R’n’r Confessional: Animal Magnetism

Rock ‘n’ Roll Confessional

Perhaps it’s time I started treating this column more like its namesake.
I have a confession to make.
If you read my last posting back in December, you may remember me demanding to know whether Animal Collective has any fans.  To me they’ve always been one of those bands that people only like in order to garner cred; for whatever reason, liking Animal Collective makes people think that you either have an extremely refined ear or are incredibly pretentious.  This is sort of like being one of the seventeen people in America that regularly eats Brussels sprouts.  No one actually listens to them and enjoys doing so.
Or so I thought.  I noticed my façade cracking when I succumbed to the numerous year-end lists that put AC drummer Panda Bear’s solo record near the top and downloaded Person Pitch from eMusic.  I found it odd that I read as many reviews of Strawberry Jam, the Collective’s 2007 record, as I could possibly find.  Like a dog sniffing around fresh blood, I poked around the group’s MySpace and even downloaded the song “Peacebone” – you know, just to see what all of the hype was about.  I am, after all, a journalist, and it is my responsibility to be informed.

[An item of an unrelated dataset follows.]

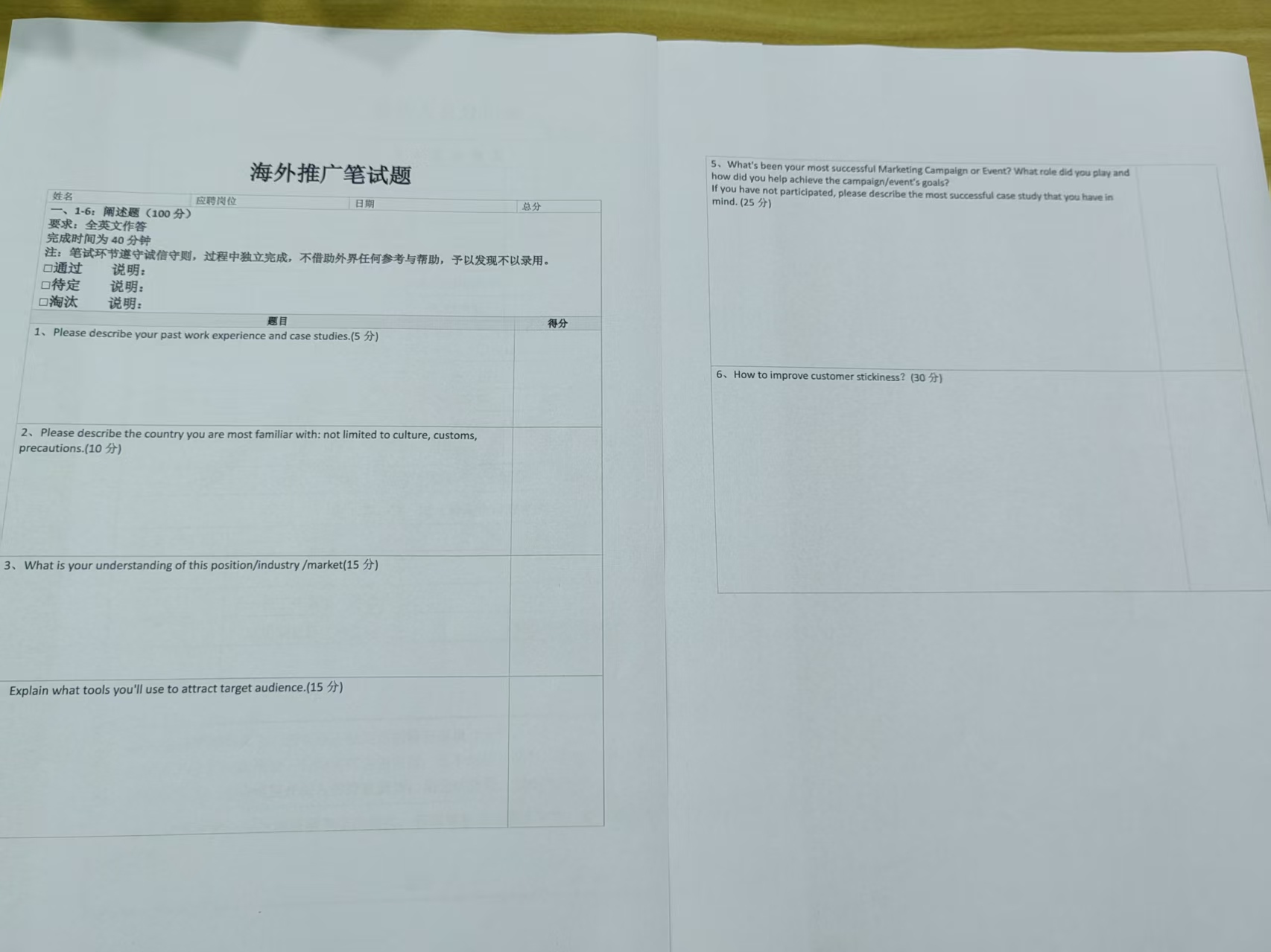 面试:人事聊了一会,没做题。然后就是老板开始噼里啪啦的开始面试,网上写的薪资也跟HR沟通过了,说可以给到,去了之后发现这公司要从0-1开始做起,而且老板还是那种老一套思维方式,做展会,做社媒,拍视频,个人觉得很困难。而且还要求英文口语非常流利。当时问完他的回答,就觉得无药可救,今天又看到那个职位放出来了,估计招了个垃圾,然后用了几个月不合适,把人家辞退了,又开始招人了。在深圳招聘,钱给不到位,什么都是白搭的,15K还想招一个非常厉害的人,以为这里是四川啊,还是醒醒吧。

And then, like a junkie with hit in hand, I pounced.  I bought 2005’s Feels and devoured it secretly over the course of two days, letting Panda’s driving percussion and singer Avey Tare’s howls pulse through my head while Geologist and Deakin crammed as much noise and sheer feeling in while I wasn’t looking.  But I needed more.  I bought Strawberry Jam within two weeks and was no longer hiding my habit from my friends.  And now, with the publication of this article, my love for Animal Collective is officially out in the open.
What makes Animal Collective connect with the people who love them is the ambiguous but amplified emotions that their music seems to embody.  Beneath – or maybe among – the stacked layers of electronics, acoustic guitars, screams, samples, reverb, feedback, etc, is an honest intensity and conviction that drives the group’s music.  While the form of their songs may not make sense (and I’m not going to sit here and tell you that I understand everything that’s happening in “For Reverend Green”), the tones of the music seem to jibe with Tare’s sing/screaming.  Like when looking at a good impressionist painting, when we listen to a song like Strawberry Jam’s “Fireworks,” we have a general idea of what is happening without being given the maximum amount of details.  As Mike Rodgers noted in the October ANTIGRAVITY, the vast majority of AC’s lyrics are nonsensical.  I honestly have no idea what “Fireworks” is about, but I have no problem applying it to my own life.
I don’t know that this is necessarily a good thing.  I’ve noticed lately that the artists I talk to claim to create their art fully aware of the fact that it will be appropriated by its consumers and, because of this, they refuse to assign meaning to any of what they do. This is a problem because it begs the question of why we should bother making art at all, or, to take it further, why should we ever express ourselves in any way, if we’re going to refuse to allow our words to mean anything.
It works both ways, too.  When we misappropriate a work of art, when we fail to take the author’s intent into consideration and instead warp its meaning to meet our needs, we are not only being selfish but ruining the work’s artistic merit.
Take a song like “Every Breath You Take” by the Police.  For what it is, it’s a pretty good song.  People have it played at their weddings.  And without really realizing what he’s doing, the groom will look into his wife’s eyes and, in full view of her parents and extended family, sing to her, “Every vow you break, every smile you fake, I’ll be watching you.”  The bride and groom think that this is a pretty song (and, to be fair, it does seem romantic if you don’t pay it any attention).  And it is a good song.  It’s a good song about a stalker.  No matter how much the bride and groom romanticize it, nothing can change the fact that Sting is singing from the bushes through a window.  All art has a meaning, whether it’s clear or not.
I’ll grant you that I’m being uppity.  I’ll also grant you that I’m an insecure artist who’s scared to death of having his work misinterpreted.  But if we’re going to be passionate about music – which we very well should be – we can’t suck the life and meaning out of it just to make it fit our current mood or situation.
As for Animal Collective and all of the other bands that flirt with ambiguity, their songs are filled with meaning.  They’re filled with meaning because people whose lives are forever being shaped and changed, whose various worldviews cannot help but be expressed in what they do, created them.  After all, to claim that a work is meaningless is to assign it a meaning.
So maybe that’s the real confession this month.  Not that I like Animal Collective, but that I take precious expression and confession from people and, rather than listening to what they’re trying to tell me, tell them what they should be talking about.  And really, the only thing worse than being a snotty hipster is to tell someone that their opinions and convictions aren’t terribly important to you.